#### ASSIGNMENT:
Reproduce the listing below from the line with "A8 bei Hadersried im Jahr 1960" to the line with "రూ.43 వేల కోట్లకు", both lines included, character for character, minus any pictures.

#### INFORMATION GIVEN:
--------------------------------------------------
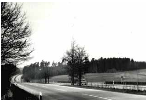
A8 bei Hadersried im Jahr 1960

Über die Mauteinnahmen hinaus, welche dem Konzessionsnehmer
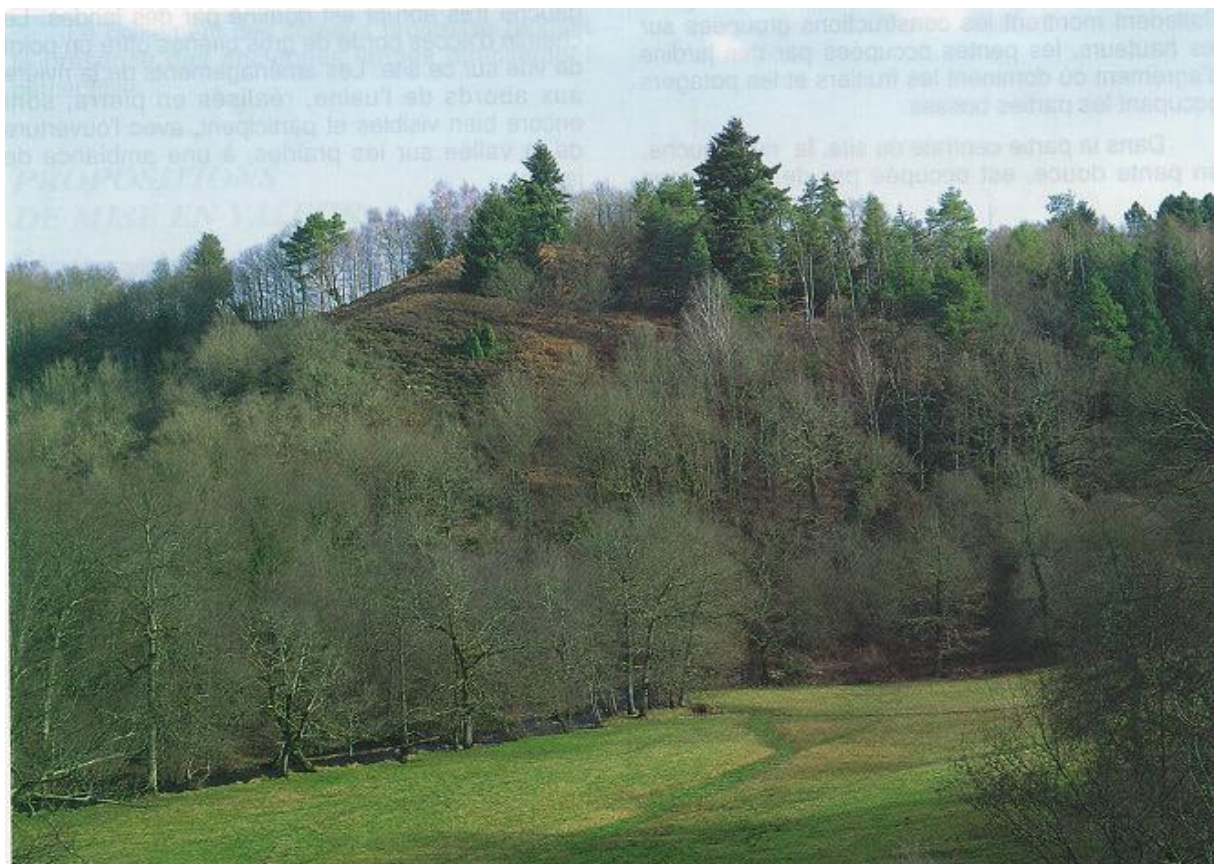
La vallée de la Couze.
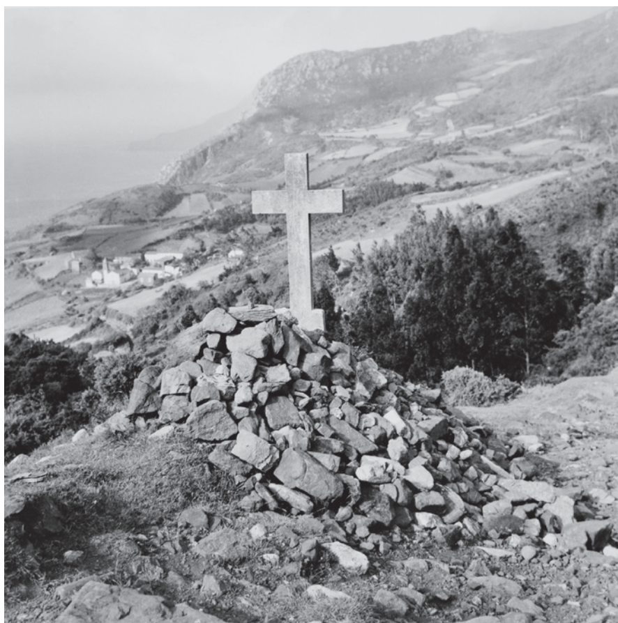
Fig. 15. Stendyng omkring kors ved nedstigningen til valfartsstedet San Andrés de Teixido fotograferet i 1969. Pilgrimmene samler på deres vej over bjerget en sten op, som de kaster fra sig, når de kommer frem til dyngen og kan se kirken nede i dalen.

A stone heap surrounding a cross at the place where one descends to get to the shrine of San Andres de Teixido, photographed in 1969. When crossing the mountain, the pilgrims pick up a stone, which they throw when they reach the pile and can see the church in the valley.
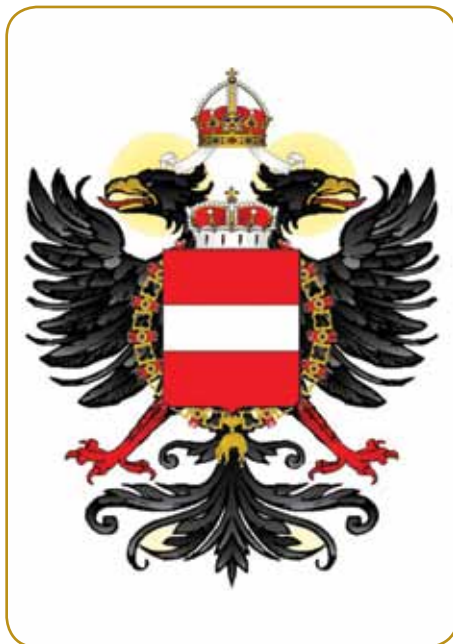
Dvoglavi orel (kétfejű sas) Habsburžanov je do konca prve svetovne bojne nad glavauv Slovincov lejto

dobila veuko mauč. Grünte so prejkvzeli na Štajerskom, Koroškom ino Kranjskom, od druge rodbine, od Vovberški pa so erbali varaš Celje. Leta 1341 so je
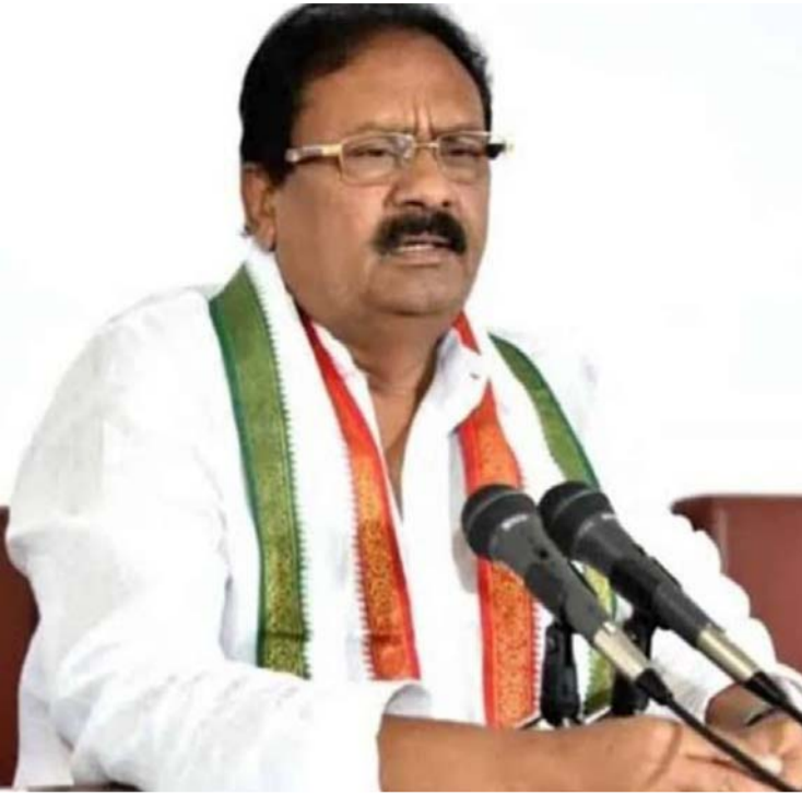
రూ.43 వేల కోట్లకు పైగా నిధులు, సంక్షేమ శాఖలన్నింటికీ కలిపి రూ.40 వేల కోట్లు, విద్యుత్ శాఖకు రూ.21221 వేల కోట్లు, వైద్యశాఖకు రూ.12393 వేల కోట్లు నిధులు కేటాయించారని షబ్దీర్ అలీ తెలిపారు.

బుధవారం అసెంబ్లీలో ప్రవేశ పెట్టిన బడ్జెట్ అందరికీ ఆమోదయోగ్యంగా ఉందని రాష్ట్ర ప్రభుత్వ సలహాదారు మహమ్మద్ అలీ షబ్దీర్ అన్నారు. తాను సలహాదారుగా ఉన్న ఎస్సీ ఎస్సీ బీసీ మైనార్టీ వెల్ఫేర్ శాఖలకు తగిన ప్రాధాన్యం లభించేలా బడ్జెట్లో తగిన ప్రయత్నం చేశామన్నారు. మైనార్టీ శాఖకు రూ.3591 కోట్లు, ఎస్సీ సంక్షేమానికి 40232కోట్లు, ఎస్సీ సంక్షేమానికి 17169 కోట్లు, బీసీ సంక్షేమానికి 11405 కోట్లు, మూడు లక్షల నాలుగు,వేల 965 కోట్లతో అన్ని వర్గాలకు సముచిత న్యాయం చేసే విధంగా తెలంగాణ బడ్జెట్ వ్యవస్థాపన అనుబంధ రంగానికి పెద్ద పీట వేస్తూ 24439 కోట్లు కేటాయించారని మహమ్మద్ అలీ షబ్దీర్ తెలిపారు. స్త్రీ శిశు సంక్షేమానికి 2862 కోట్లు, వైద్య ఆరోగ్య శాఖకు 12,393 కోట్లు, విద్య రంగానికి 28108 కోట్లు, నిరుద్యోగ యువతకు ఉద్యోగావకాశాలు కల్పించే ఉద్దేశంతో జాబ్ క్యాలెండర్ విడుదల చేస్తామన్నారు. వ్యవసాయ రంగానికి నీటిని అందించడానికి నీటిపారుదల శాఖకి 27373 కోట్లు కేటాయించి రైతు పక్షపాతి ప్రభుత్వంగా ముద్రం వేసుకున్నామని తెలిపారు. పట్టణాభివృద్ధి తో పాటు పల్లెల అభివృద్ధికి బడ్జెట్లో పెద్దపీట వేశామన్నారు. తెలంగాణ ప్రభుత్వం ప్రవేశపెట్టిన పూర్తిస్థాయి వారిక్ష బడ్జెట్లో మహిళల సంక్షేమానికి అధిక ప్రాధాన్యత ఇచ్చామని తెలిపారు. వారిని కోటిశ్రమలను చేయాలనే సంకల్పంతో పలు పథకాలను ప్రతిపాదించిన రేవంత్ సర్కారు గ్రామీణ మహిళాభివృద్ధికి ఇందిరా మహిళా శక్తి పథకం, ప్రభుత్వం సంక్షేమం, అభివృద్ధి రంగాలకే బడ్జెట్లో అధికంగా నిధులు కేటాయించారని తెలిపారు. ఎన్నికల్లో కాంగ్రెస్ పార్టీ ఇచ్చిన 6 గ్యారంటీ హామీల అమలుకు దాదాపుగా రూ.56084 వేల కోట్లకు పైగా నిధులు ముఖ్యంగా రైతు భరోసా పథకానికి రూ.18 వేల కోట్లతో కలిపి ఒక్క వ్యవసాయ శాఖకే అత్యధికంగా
--------------------------------------------------
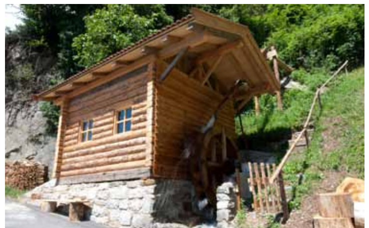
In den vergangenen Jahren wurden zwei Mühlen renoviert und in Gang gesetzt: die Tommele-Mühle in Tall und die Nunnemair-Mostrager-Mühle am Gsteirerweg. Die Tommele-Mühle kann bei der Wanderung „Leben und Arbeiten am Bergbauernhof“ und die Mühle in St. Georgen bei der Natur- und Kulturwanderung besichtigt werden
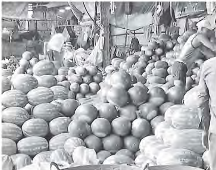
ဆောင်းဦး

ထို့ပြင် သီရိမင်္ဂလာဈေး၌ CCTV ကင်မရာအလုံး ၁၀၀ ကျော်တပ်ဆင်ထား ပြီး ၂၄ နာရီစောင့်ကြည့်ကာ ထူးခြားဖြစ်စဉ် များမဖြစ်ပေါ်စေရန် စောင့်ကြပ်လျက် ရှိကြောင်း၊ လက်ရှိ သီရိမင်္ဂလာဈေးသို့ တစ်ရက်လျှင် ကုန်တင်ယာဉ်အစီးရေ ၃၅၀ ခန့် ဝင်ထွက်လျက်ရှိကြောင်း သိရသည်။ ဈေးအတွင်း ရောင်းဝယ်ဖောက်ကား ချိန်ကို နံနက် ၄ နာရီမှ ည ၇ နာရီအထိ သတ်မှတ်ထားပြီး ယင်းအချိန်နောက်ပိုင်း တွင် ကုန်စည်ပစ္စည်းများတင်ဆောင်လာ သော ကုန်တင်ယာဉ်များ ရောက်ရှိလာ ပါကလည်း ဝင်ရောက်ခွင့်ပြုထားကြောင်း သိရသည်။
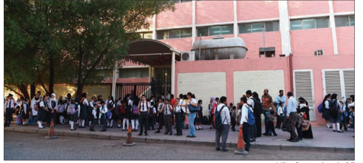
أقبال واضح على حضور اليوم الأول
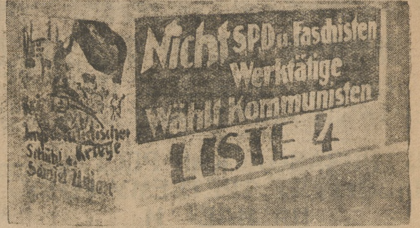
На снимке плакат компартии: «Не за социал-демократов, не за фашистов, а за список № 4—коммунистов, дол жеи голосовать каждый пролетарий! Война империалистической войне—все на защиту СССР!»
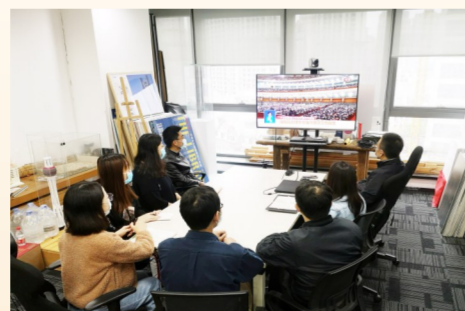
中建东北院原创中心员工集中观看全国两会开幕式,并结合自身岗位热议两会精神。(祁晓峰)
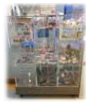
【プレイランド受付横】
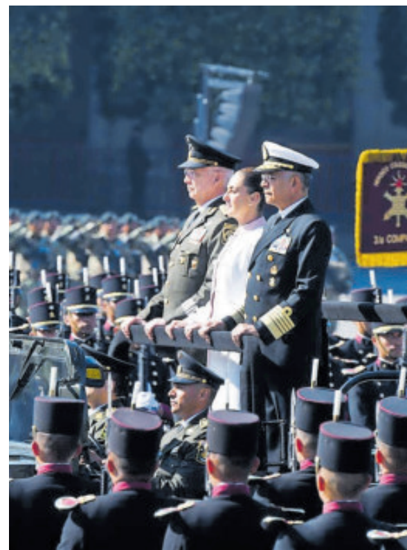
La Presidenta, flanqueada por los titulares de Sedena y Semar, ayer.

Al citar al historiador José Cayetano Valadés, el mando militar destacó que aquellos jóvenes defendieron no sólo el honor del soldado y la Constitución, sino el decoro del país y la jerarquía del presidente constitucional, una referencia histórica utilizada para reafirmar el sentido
--------------------------------------------------
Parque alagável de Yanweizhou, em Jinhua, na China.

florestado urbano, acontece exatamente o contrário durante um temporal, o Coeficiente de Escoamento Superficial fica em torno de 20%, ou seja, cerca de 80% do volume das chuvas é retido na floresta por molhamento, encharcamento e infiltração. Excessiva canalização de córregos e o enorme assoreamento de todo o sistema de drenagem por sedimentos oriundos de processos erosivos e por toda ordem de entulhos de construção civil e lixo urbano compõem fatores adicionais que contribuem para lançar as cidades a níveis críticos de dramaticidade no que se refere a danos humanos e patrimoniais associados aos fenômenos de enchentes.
--------------------------------------------------
#### TASK SOLUTION:
A8 bei Hadersried im Jahr 1960

Über die Mauteinnahmen hinaus, welche dem Konzessionsnehmer
La vallée de la Couze.
Fig. 15. Stendyng omkring kors ved nedstigningen til valfartsstedet San Andrés de Teixido fotograferet i 1969. Pilgrimmene samler på deres vej over bjerget en sten op, som de kaster fra sig, når de kommer frem til dyngen og kan se kirken nede i dalen.

A stone heap surrounding a cross at the place where one descends to get to the shrine of San Andres de Teixido, photographed in 1969. When crossing the mountain, the pilgrims pick up a stone, which they throw when they reach the pile and can see the church in the valley.
Dvoglavi orel (kétfejű sas) Habsburžanov je do konca prve svetovne bojne nad glavauv Slovincov lejto

dobila veuko mauč. Grünte so prejkvzeli na Štajerskom, Koroškom ino Kranjskom, od druge rodbine, od Vovberški pa so erbali varaš Celje. Leta 1341 so je
రూ.43 వేల కోట్లకు పైగా నిధులు, సంక్షేమ శాఖలన్నింటికీ కలిపి రూ.40 వేల కోట్లు, విద్యుత్ శాఖకు రూ.21221 వేల కోట్లు, వైద్యశాఖకు రూ.12393 వేల కోట్లు నిధులు కేటాయించారని షబ్దీర్ అలీ తెలిపారు.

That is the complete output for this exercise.